Ms Patel, the Prime Minister, “Nigel” and the Epping councillor, might learn a thing or two from the history of the little village of Petlacala, in the eastern mountains of Guerrero, Mexico. The village’s name means in Náhuatl “Place of the Mat Houses”, or “Place Where the Tribute is Stored”. Petlacala was founded in the 15th, or possibly the early 16th century, by a group of people who left the valley of Mexico to escape the tribute demands of the Aztec rulers of Tenochtitlan. Their journey of 800km lasted many years, perhaps several decades. At various points they stopped for a while and settled to cultivate land to feed themselves. The people of Petlacala recorded the story of their migration in a document written partly in Náhuatl, partly in glyphs, with a map and pictures. It was kept by the village shaman, brought out for important ceremonies and to defend the lands of the community in the Spanish courts. We do not know when the first version was created. The current document is a 1953 copy of an earlier lienzo (a document created on textiles) that was damaged by floods and a fire.

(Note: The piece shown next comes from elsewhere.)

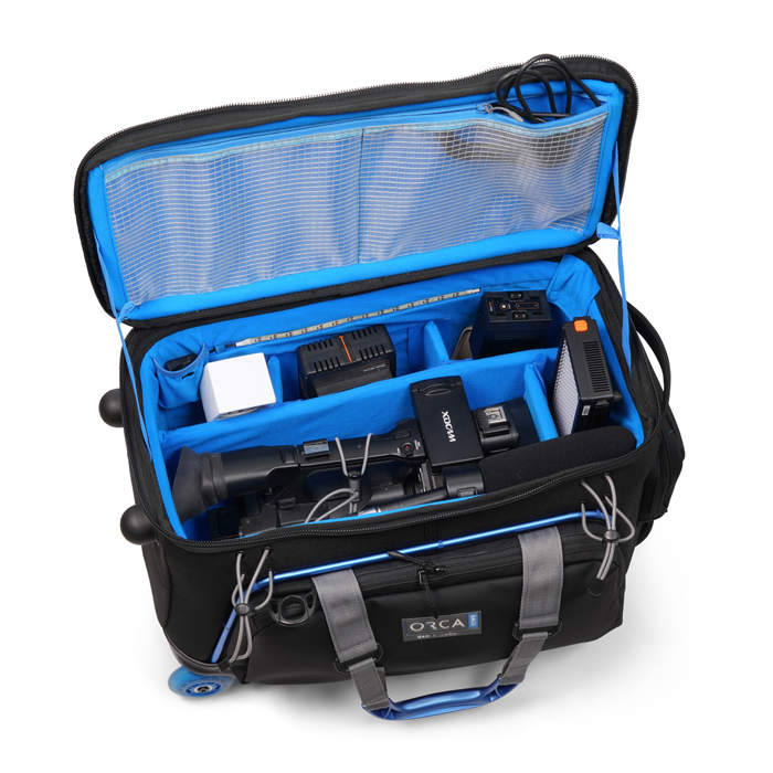 Orca Trolley videoväskor med integrerat trolleysystem kommer i två storlekar (OR-10 och OR-14), vardera med 3 externa fickor, inbyggt LED-ljus, vadderad axelrem, starka hjul och vagnssystem och en flexibel inredning.

Offerings of food placed in front of the Lienzo de Petlacala, San Pedro Petlacala
The Códice de Totomixtlahuaca, late 16th century. Totomixtlahuaca is about 100km south of San Pedro Petlacala
There are several similar documents in other villages in eastern Guerrero. All tell similar stories of groups that fled tyrannical rulers, violence or famine. In all cases the journeys lasted a number of years. Along the way they relied on the benevolence, or at least the tolerance, of local peoples to allow them to farm land temporarily so that they could feed themselves. The documents describe the formal etiquette and rhetoric involved when requesting land. The newcomers would offer the local ruler gifts, but would modestly emphasize that their gifts were poor. The local ruler would respond respectfully, humbly belittling his merits. The documents do not record whether some requests for land were refused. It is quite possible that the new arrivals were not always made welcome. Nevertheless, they were able to keep moving in search of a place to make their permanent home, eventually achieving their wish. Thus, they received sufficient helping hands from strangers to reach a place of safety.

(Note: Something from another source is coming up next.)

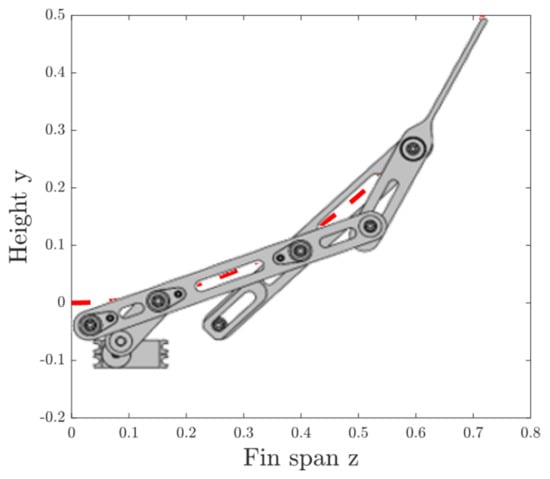 Considering that the sum of the length of the three links must be equal to the length of the span of the fin, it is possible to write the following:

Now, we should not imagine that the people of Petlacala and other villages in the region settled into a peaceful existence where all prospered and never exchanged an angry word. Conflict with other villages was the norm in 15th and 16th century Mexico. Petty warfare was simply a fact of everybody’s life, whether newcomer or long-term resident. Nevertheless, many groups of people were able to wander in search of a better place to live, relatively unimpeded, to till fields to sustain themselves, and eventually to negotiate a place to make permanent new homes. Newcomers and existing communities spoke to one another respectfully and obeyed norms of behaviour and hospitality.

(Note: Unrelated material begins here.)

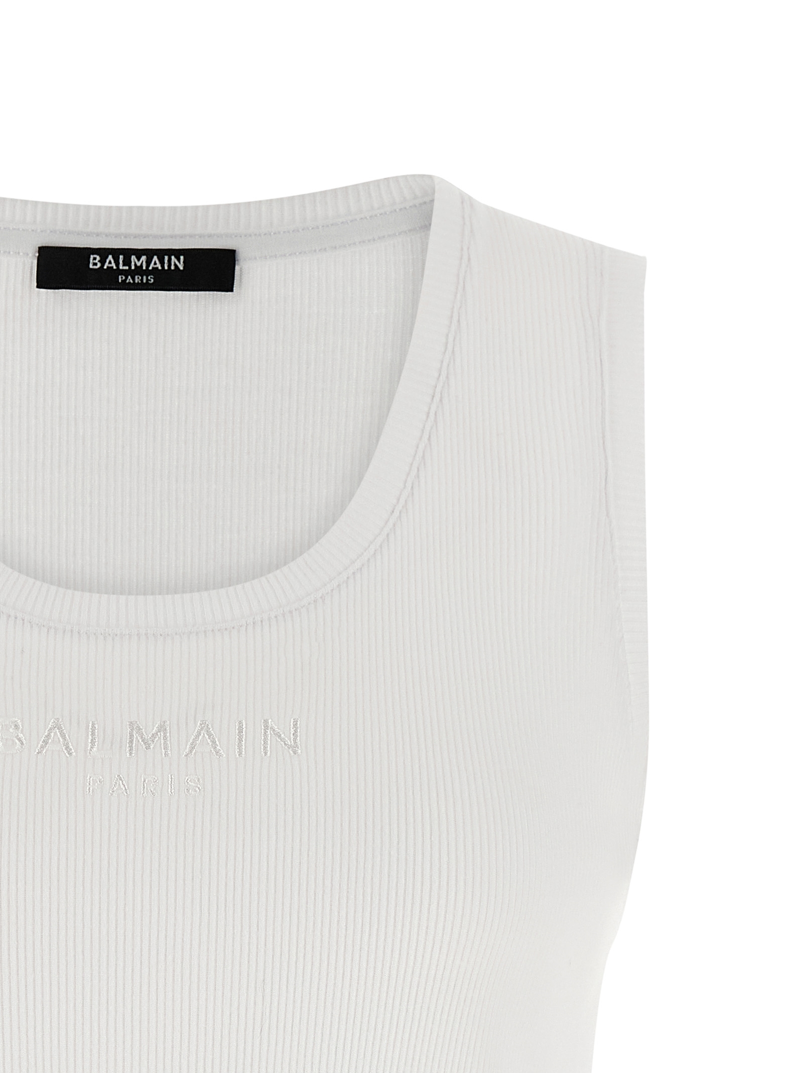 Ribbed cotton tank top with tone-on-tone embroidered logo on the front, And round neckline.

San Pedro Petlacala, general view
How differently we behave in the prosperous “global” Britain of which our government likes to boast. Our government demonizes the vulnerable and desperate. The goal is to spread alarm and portray the government as a stout defender against threats. A previous Conservative Prime Minister, David Cameron once referred in the House of Commons to “swarms” of migrants crossing the Mediterranean. I wrote to my MP to decry the dehumanizing of fellow human beings. His initial response was that the term was uttered in the heat of debate. I replied that nothing Mr Cameron said in the Commons was unscripted and unintentional. He then explained that the term was used to expose the “open door immigration policy” of the Labour opposition. In other words, our Prime Minister depicted vulnerable people as mere insects to score a political point.